Below is a listing; repeat exactly the lines from the one containing "Längere Zeit stehen" to the one containing "美品 名古屋帯 優品 八寸名古屋帯 草花 黄土色 正絹 中古", both included.

──────── Data provided

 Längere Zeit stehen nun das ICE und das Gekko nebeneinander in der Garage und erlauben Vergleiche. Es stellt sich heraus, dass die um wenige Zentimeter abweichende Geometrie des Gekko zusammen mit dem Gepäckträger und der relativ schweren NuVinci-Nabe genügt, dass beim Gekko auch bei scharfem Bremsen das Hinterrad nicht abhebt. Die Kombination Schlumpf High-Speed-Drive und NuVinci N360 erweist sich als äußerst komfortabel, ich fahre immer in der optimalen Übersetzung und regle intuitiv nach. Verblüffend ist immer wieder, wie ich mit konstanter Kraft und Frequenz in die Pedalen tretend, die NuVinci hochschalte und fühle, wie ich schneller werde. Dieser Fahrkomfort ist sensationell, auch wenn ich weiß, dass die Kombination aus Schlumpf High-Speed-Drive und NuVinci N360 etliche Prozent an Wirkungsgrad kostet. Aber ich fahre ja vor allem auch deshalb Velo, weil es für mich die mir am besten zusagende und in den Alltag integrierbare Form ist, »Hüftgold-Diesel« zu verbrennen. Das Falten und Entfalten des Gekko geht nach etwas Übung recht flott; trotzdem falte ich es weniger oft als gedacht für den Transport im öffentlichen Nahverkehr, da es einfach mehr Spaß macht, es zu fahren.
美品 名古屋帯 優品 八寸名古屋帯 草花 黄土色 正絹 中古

────────────────
──────── Data provided

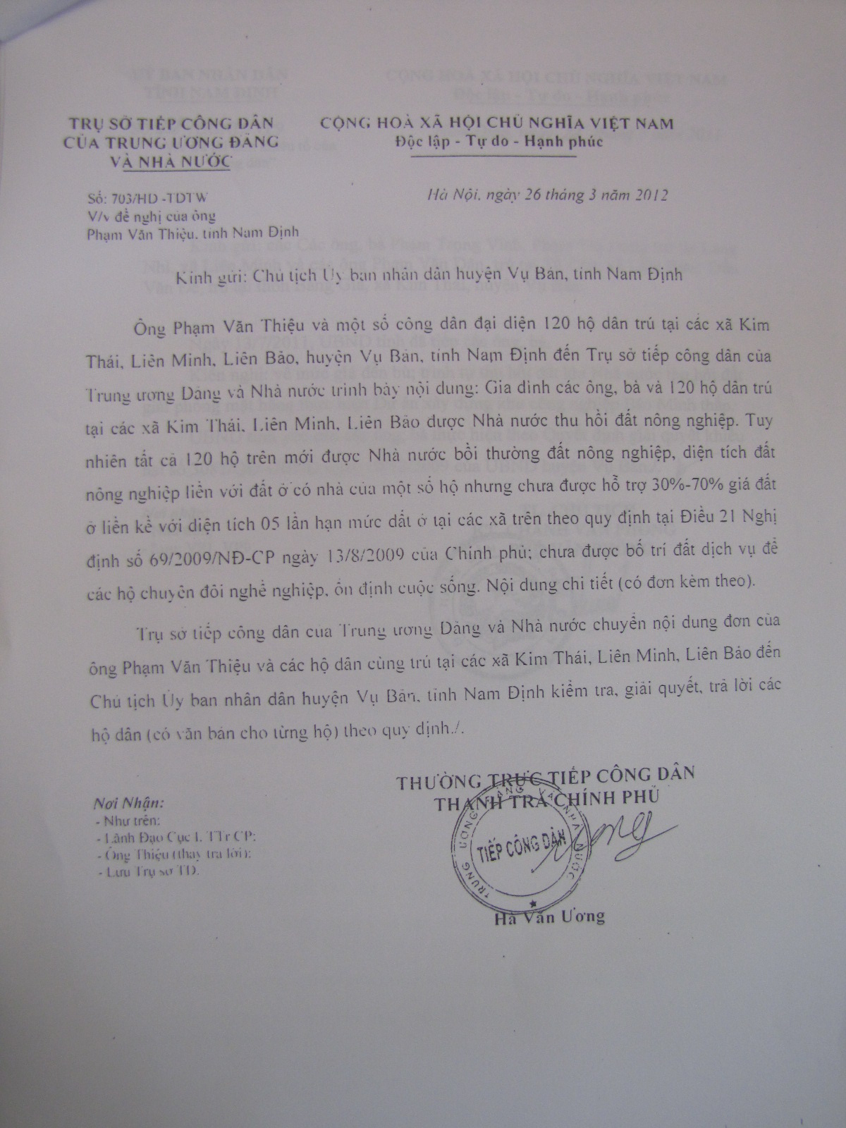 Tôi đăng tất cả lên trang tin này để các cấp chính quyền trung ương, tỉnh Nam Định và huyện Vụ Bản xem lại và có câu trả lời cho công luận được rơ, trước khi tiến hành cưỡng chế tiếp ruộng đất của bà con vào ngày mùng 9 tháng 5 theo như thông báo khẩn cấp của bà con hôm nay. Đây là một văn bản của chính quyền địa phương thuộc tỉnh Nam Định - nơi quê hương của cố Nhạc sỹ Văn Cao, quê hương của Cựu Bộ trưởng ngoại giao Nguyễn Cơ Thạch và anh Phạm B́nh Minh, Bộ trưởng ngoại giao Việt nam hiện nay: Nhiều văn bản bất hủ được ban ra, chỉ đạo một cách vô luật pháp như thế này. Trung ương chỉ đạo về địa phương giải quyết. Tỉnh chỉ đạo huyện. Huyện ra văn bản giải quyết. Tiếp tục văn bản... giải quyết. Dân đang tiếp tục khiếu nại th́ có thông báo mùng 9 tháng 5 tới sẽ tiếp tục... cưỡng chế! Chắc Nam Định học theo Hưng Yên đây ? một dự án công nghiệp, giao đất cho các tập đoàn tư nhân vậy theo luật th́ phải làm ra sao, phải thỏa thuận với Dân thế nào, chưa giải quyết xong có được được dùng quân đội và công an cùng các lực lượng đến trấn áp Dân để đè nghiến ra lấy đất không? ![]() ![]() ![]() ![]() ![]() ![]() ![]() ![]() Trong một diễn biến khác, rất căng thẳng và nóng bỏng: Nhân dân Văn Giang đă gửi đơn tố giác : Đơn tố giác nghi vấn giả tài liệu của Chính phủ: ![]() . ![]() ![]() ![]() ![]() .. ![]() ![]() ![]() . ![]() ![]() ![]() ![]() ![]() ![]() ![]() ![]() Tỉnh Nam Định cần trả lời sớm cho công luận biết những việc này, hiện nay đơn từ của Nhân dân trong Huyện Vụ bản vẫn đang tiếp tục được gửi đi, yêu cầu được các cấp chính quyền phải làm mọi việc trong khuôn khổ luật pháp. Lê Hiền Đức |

────────────────

## [Result of the task]
 Längere Zeit stehen nun das ICE und das Gekko nebeneinander in der Garage und erlauben Vergleiche. Es stellt sich heraus, dass die um wenige Zentimeter abweichende Geometrie des Gekko zusammen mit dem Gepäckträger und der relativ schweren NuVinci-Nabe genügt, dass beim Gekko auch bei scharfem Bremsen das Hinterrad nicht abhebt. Die Kombination Schlumpf High-Speed-Drive und NuVinci N360 erweist sich als äußerst komfortabel, ich fahre immer in der optimalen Übersetzung und regle intuitiv nach. Verblüffend ist immer wieder, wie ich mit konstanter Kraft und Frequenz in die Pedalen tretend, die NuVinci hochschalte und fühle, wie ich schneller werde. Dieser Fahrkomfort ist sensationell, auch wenn ich weiß, dass die Kombination aus Schlumpf High-Speed-Drive und NuVinci N360 etliche Prozent an Wirkungsgrad kostet. Aber ich fahre ja vor allem auch deshalb Velo, weil es für mich die mir am besten zusagende und in den Alltag integrierbare Form ist, »Hüftgold-Diesel« zu verbrennen. Das Falten und Entfalten des Gekko geht nach etwas Übung recht flott; trotzdem falte ich es weniger oft als gedacht für den Transport im öffentlichen Nahverkehr, da es einfach mehr Spaß macht, es zu fahren.
美品 名古屋帯 優品 八寸名古屋帯 草花 黄土色 正絹 中古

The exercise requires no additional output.